Category Archives: Dogs

Duncan — Back By Popular Demand

I have been remiss.  A bad girl.  No treats for me.

Yes, it’s true.  Today I was reminded that I haven’t posted any pictures of Duncan recently.

You remember Duncan, don’t you?

Toy Basket

Here he is right after we brought him home, sitting in his toy basket.

He doesn’t quite fit inside it any more.

No Room!

Duncan is quite camera shy.  We get loads of pictures of his butt, which, in my opinion, is not his best feature.  The face doesn’t stay still long enough for photo-ops.  Apparently, he will never run for Congress.

But the little guy has had quite a good time.  He is love, played with, pampered.  He has even had a vacation at the shore.  Here he is on a rocky beach in Maine.  When the rocks are wet, looking for Duncan is very much like playing Where’s Waldo.

When the rocks are wet, looking for Duncan is very much like playing Where's Waldo

Got any Sushi?

Now, let’s see if I can do this.  I took some video inspired by Will of Marking Our Territory, alerted me to a fast and easy way to destroy my iPad.  So naturally I tried it!

And I uploaded my very first YouTube video.

Shit, I’m a rotten videographer …. but I’m a great dog mom!  How many dogs get $300 dog toys?

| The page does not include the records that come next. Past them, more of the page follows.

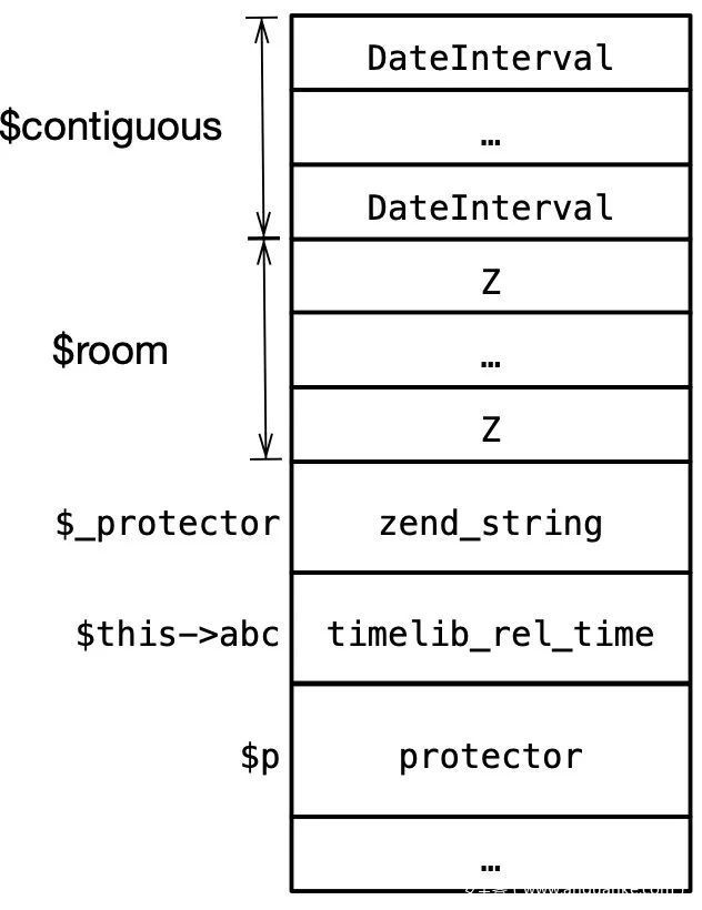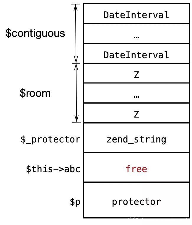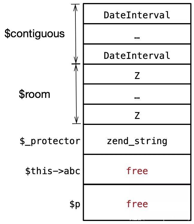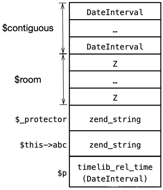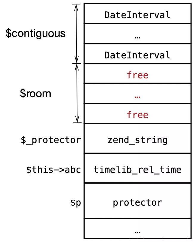 在脚本运行之前可能发生了大量的分配/释放,因此同时实例化的两个变量也不一定是连续的,为解决这个问题,实例化几个DateInterval对象填充不连续空闲块,以确保后面分配的内存是连续的:
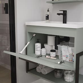 Características: Estrutura em MDF Acabamento em Pintura UV Puxador em alumínio preto fosco 01 Porta basculante com pistão à gás e dobradiças metálicas Suportes laterais em Metalon 20x20 com acabamento em pintura eletrostática preto fosco Acompanha cuba em mármore sintético
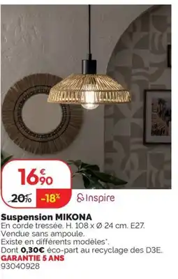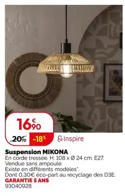 | Inspire Suspension Mikona | Weldom | 39,90 € | 32,90 € | 7,00 € Réduction | 04 février 2025 | 11 mars 2025 | |
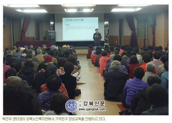 강북구 치매지원센터에서는 시립 강북노인종합복지관과 업무협약(MOU)을 체결하고, 노인 사회활동 지원사업 참여자를 대상으로 3월13일에 이어 4월3일 강북구치매지원센터장인 박건우 교수(고대 안암병원 신경과)의 강의로 기억친구 양성교육을 진행한다. 치매는 암보다 더 흔한 질병으로 85세 이상에서는 1/3이 치매이며 치매는 더 이상 남의 일이 아니다. 나 자신, 내 가족, 내 이웃 그리고 우리 모두의 일이다. 천만 서울시민 기억친구 프로젝트란 치매걱정 없는 대한민국 만들기 릴레이 캠페인으로 서울시 및 자치구 치매지원센터가 펼치는 인식개선 캠페인이다. 치매에 대한 불안을 감소시키며 올바른 지식을 가지고, 지역사회에서 치매환자와 가족이 안심하고 생활 할 수 있도록 치매인식개선과 사회돌봄문화 확산을 위한 기억친구 및 리더를 양성하여 활동하는 것을 말한다. 기억친구가 되는 방법은 치매 걱정 없는 서울시 만들기에 동참하는 건강한 마음을 가진 대한민국 사람이면 누구나 가능하며, 치매와 관련한 일정시간의 교육을 받으면 기억친구가 될 수 있다. 앞으로 기억친구들은 치매 gate keeper로써 치매인식 개선사업과 사회 돌봄의 역할을 할 것이며 이것을 기반으로 지역사회 지지체제 네트워크를 구축하여 치매환자나 가족, 내 이웃이 ‘치매 안심 강북’이 될 수 있도록 활동할 예정이다. | ||
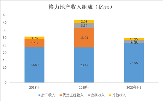 2020年上半年,格力地产房地产业务实现营收26.55亿元,占总体收入89.15%;包括渔获销售及其他业务板块营收合计3.23亿元,占比仅10.85%。由此可见,在收入端,并未脱离地产公司属性。
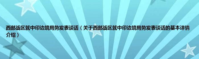 本文关于西部战区就中印边境局势发表谈话的基本详情介绍就讲解完毕,希望对大家有所帮助。
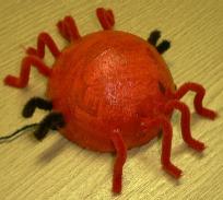 Die Styroporkugel anmalen und gut trocknen lasse. Pfeifenputzer als Beine zurecht schneiden und reinstecken. Am einfachsten geht dies mit Hilfe einer Prickelnadel. Damit die Beine nicht so schnell wieder ausfallen, mit Kleber fixieren. Langes Wollstück befestigen und auf einem Stab aufwickeln. Fertig.
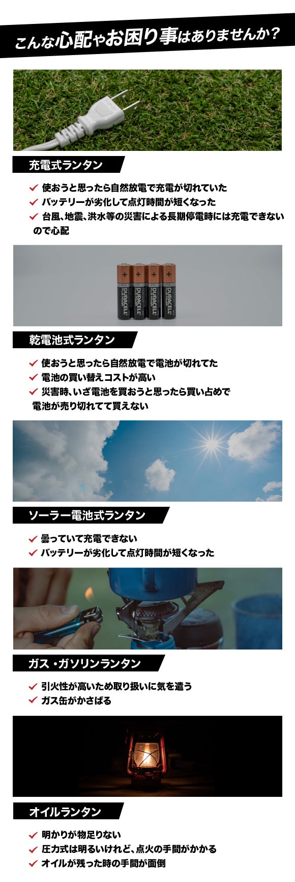 電池式・充電池式のランタンは保管しっぱなしにすると自然放電で必要な時に使用できなかったり、バッテリーの劣化を防ぐため定期的に使用&充電を繰り返さなければなりませんが、ルミナイザーランタンはいつでも必要な時に使用可能です。
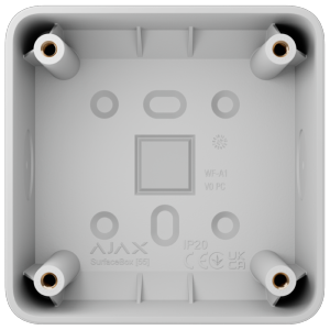 Ajax SurfaceBox [55] es una solución diseñada para la instalación segura y ordenada de los módulos LightCore y OutletCore del ecosistema Ajax. Permite montar estos dispositivos de forma externa en superficies donde no existe una caja de instalación empotrada, como paredes de hormigón, madera o materiales complejos, siempre en entornos interiores.
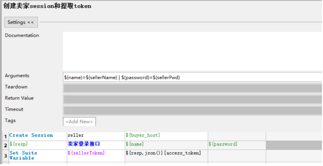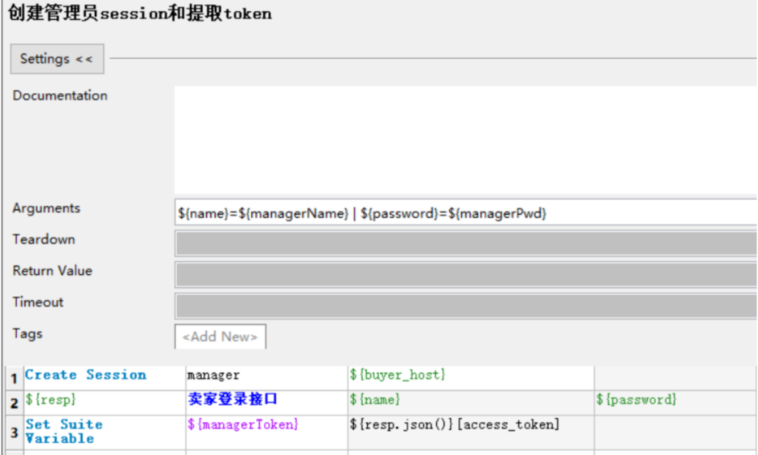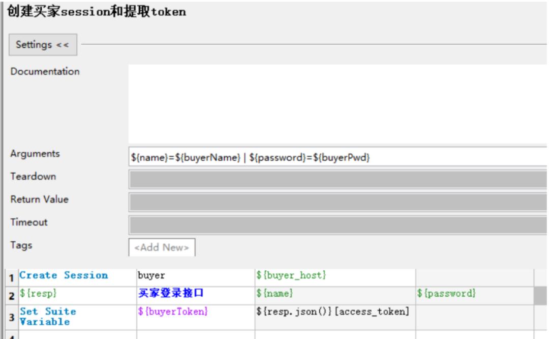 创建买家session和提取token 关键字

Anybody got an extra iPad?

73 Comments

Filed under Bloggin' Buddies, Dogs, Duncan, Fashion, Health and Medicine, Humor, Pets, Wild Beasts

Angel/Demon

My mother used to caution me:

“Be careful what you wish for,” she’d say.

“Why?” I’d ask.

“Because you might just get it.”

Her response usually baffled me.  As a kid growing up in what I thought was abject poverty (ummm, not even close), I felt like I never got what I asked for.  Or if I did, one of my four siblings had used it first.  Or “it” didn’t really live up to my expectations.  Or getting “it” not precisely what I expected.

Getting what I asked for always held a surprise.

You know what?  Mom was right.  And it is just as annoying now as a grownup as it was when she was right when I was a kid.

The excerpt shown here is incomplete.